> _WORK INSTRUCTIONS_:
Each line in the data must be reproduced as written, except for any picture.

#### PROVIDED RECORDS ####

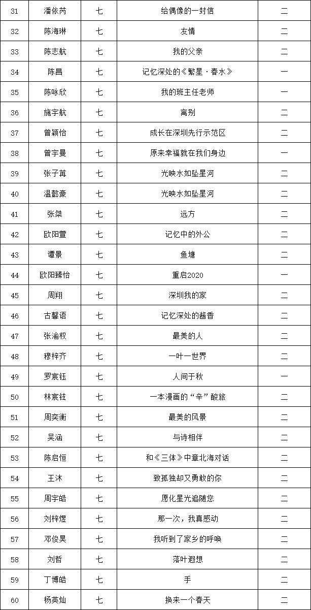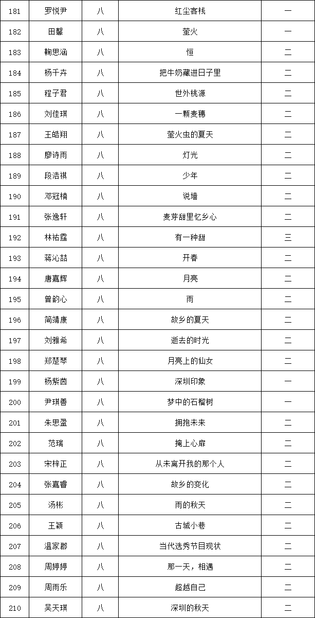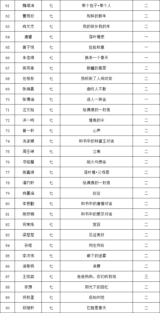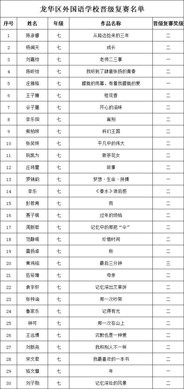 自2021年1月,活动征稿启动以来,获得了深圳市广大中小学生、教师、文学爱好者的热烈响应积极参与,吸引了深圳百余所学校的上万人关注报名。现公布龙华区外国语学校专场晋级复赛名单如下:
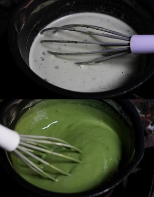加入牛奶和香草精,一边不停搅拌一边用中小火加热,待整体变粘稠了,火候改为小火。
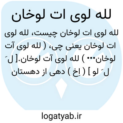 ( لله لوی آت لوخان••• ) لله لوی آت لوخان.[ ل َ ل َ لو ] ( اِخ ) دهی از دهستان نازلو از بخش حومه شهرستان ارومیه، واقع در 25هزارگزی شمال خاوری ارومیه و 7هزارگزی خاور شوسه ارومیه به سلماس. جلگه، معتدل و مالاریائی و دارای 102 تن سکنه. آب آن از نازلوچای. محصول آنجا غلات، چغندر، توتون، حبوبات و کشمش. شغل اهالی زراعت و صنایع دستی زنان جوراب بافی و راه آن ارابه رو است. ( از فرهنگ جغرافیایی ایران ج 4 ).
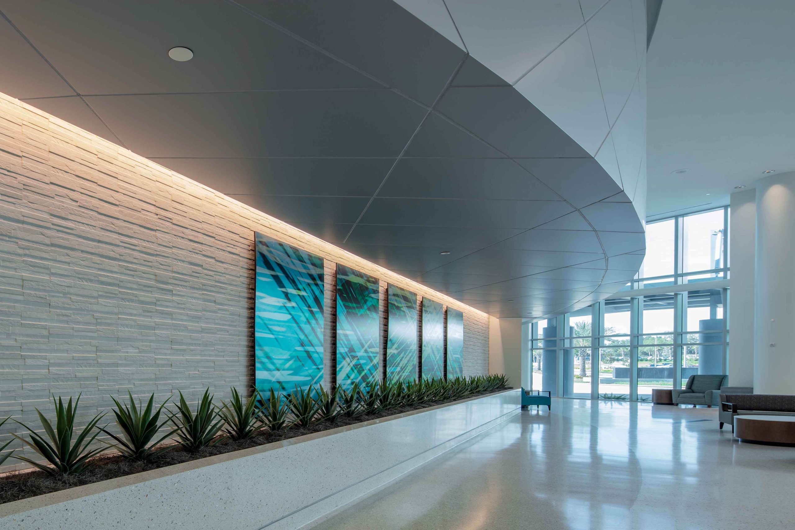 The pavilion is 8 stories high and spans approximately 350,000 square feet. The facility began with a “one architect, one approach, one language” philosophy. The original architectural design set the standard for the Lakeland Regional Health System.
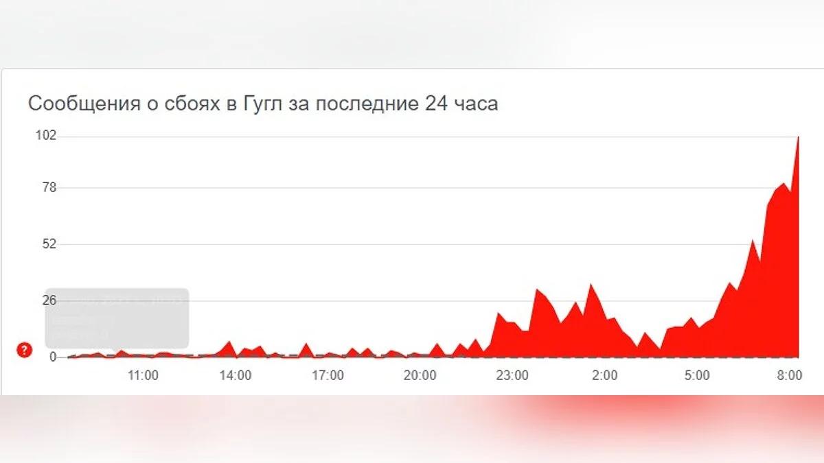 Сайт DownDetector, который отслеживает доступность всех основных сервисов в сети, сообщил о сбоях в работе Google.
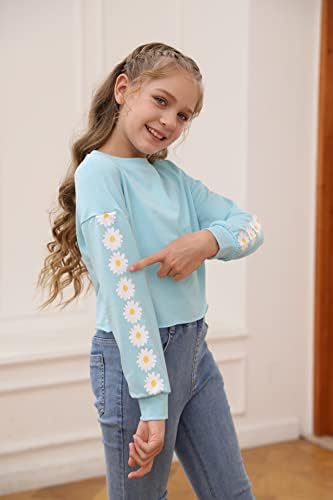 Dellytop Kids Crop Tops Girls Long Sleeve Tee Shirts Cute Daisy Pinted Clothes
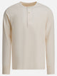 Merz b. "Henley" serafino T-shirt. Schwanen with long sleeves and side seam construction. Made of organic cotton processed by traditional methods, it has a contoured cut and finished edges. The seraph edge threading is woven cotton fabric, and the buttons are genuine mother-of-pearl. The silhouette follows a regular line and the fit is classic. Flat knit cuffs and triangular inserts under the arms complete the construction.

####

> _ANSWER FOR THIS EXERCISE_:
 自2021年1月,活动征稿启动以来,获得了深圳市广大中小学生、教师、文学爱好者的热烈响应积极参与,吸引了深圳百余所学校的上万人关注报名。现公布龙华区外国语学校专场晋级复赛名单如下:
加入牛奶和香草精,一边不停搅拌一边用中小火加热,待整体变粘稠了,火候改为小火。
 ( لله لوی آت لوخان••• ) لله لوی آت لوخان.[ ل َ ل َ لو ] ( اِخ ) دهی از دهستان نازلو از بخش حومه شهرستان ارومیه، واقع در 25هزارگزی شمال خاوری ارومیه و 7هزارگزی خاور شوسه ارومیه به سلماس. جلگه، معتدل و مالاریائی و دارای 102 تن سکنه. آب آن از نازلوچای. محصول آنجا غلات، چغندر، توتون، حبوبات و کشمش. شغل اهالی زراعت و صنایع دستی زنان جوراب بافی و راه آن ارابه رو است. ( از فرهنگ جغرافیایی ایران ج 4 ).
 The pavilion is 8 stories high and spans approximately 350,000 square feet. The facility began with a “one architect, one approach, one language” philosophy. The original architectural design set the standard for the Lakeland Regional Health System.
 Сайт DownDetector, который отслеживает доступность всех основных сервисов в сети, сообщил о сбоях в работе Google.
 Dellytop Kids Crop Tops Girls Long Sleeve Tee Shirts Cute Daisy Pinted Clothes
 Merz b. "Henley" serafino T-shirt. Schwanen with long sleeves and side seam construction. Made of organic cotton processed by traditional methods, it has a contoured cut and finished edges. The seraph edge threading is woven cotton fabric, and the buttons are genuine mother-of-pearl. The silhouette follows a regular line and the fit is classic. Flat knit cuffs and triangular inserts under the arms complete the construction.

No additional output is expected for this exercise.